Já não sei em que data estamos, nesta casa não há calendários,
e na minha memória tudo está irremediavelmente revolto. As coisas antigas foram
desaparecendo. E eu também " fui-me apagando " sem que ninguém desse
conta. Ao crescer a família, trocaram-me de quarto. Depois, passaram-me para
outro menor ainda, acompanhada das minhas netas, agora ocupo aquele
"anexo" traseiro, no fundo do quintal.
Prometeram-me mudar o vidro partido da janela, mas
"esqueceram-se"... As noites
são frias e sopra por ali um ventinho gelado, que aumentam mais e mais as
minhas dores reumáticas.
Um dia, à tarde, dei conta que a minha voz tinha
desaparecido. Quando falo, os meus filhos e netos não me respondem. Conversam
sem olhar para mim, como se eu não estivesse ali. Às vezes digo algo,
acreditando que apreciarão os meus conselhos, mas nem me olham! Retiro-me para
o meu canto, antes de terminar o meu "café" deslavado. Agora sou
INVISÍVEL...
Estive três dias a chorar no meu quarto, até que numa certa
manhã, um dos netos entrou para guardar umas coisas velhas. Imaginem que nem
sequer "bom dia" me deu! Foi então que me convenci, de que sou mesmo
invisível.
Recentemente, os netos vieram dizer-me que iríamos passear ao
campo. Fiquei muito feliz, há tanto tempo que não saía daquele lugar!

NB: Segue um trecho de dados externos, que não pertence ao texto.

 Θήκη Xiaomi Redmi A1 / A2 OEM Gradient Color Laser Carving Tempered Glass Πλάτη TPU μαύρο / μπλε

Fui a primeira a acordar e a levantar-me. Quis arrumar as
coisas com calma, afinal, nós (os velhos) somos mais lentos, assim arranjei-me
a tempo de não os atrasar. De repente, todos entravam e saíam num frenesim
louco, correndo ruidosamente pela casa, atirando bolas e brinquedos para o
carro.
Eu já estava pronta e muito alegre, parei na porta e fiquei à
espera. Quando os vi partir, compreendi que não estava convidada, não fazia
parte dos planos, talvez porque, a lotação do carro estava esgotada.

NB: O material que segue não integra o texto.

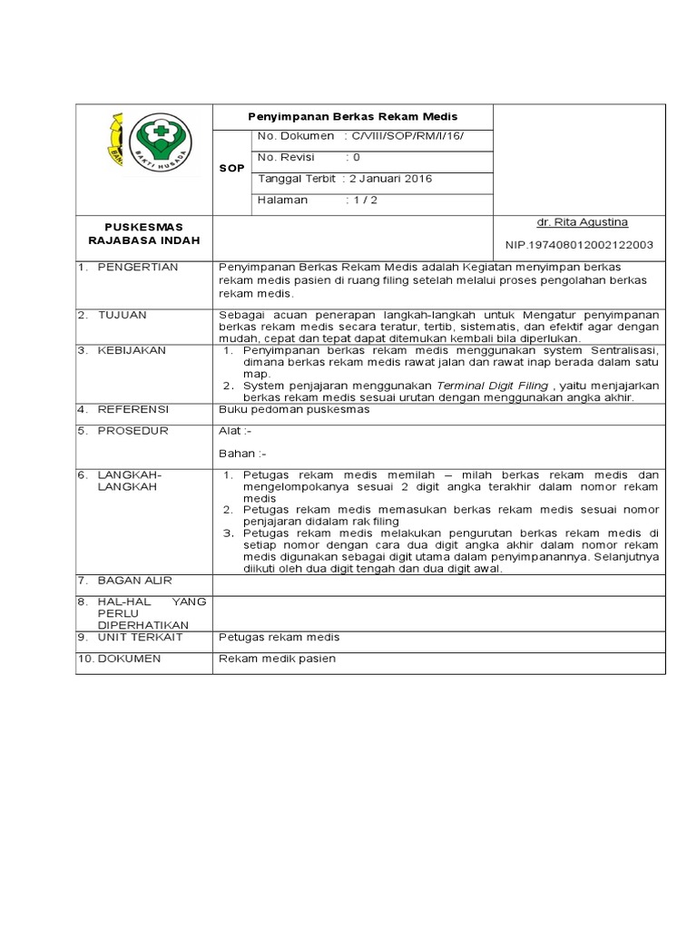 CONTOH SOP Rekam Medik Puskesmas Sumber : www.scribd.com

Senti que o coração encolhia e o queixo tremia, como alguém
que tem vontade de chorar. Eu até os entendo, são jovens, sorriem, sonham,
abraçam-se, beijam-se... E eu?!?!?! Bem, eu... Antes beijava os meus netos,
adorava tê-los nos braços. Eram meus! Até cantava canções de embalar que já
tinha esquecido. Mas um dia...
Um dia a minha neta que acabara de ter um bebé disse-me: -
"Não é bom que os "velhos" beijem os bebés por "questões de
saúde". Desde então, não me aproximo mais deles, tenho tanto medo de
"contagiá-los"!
Definitivamente, tornei-me invisível…
Já alguma vez se sentiu invisível em algum lugar?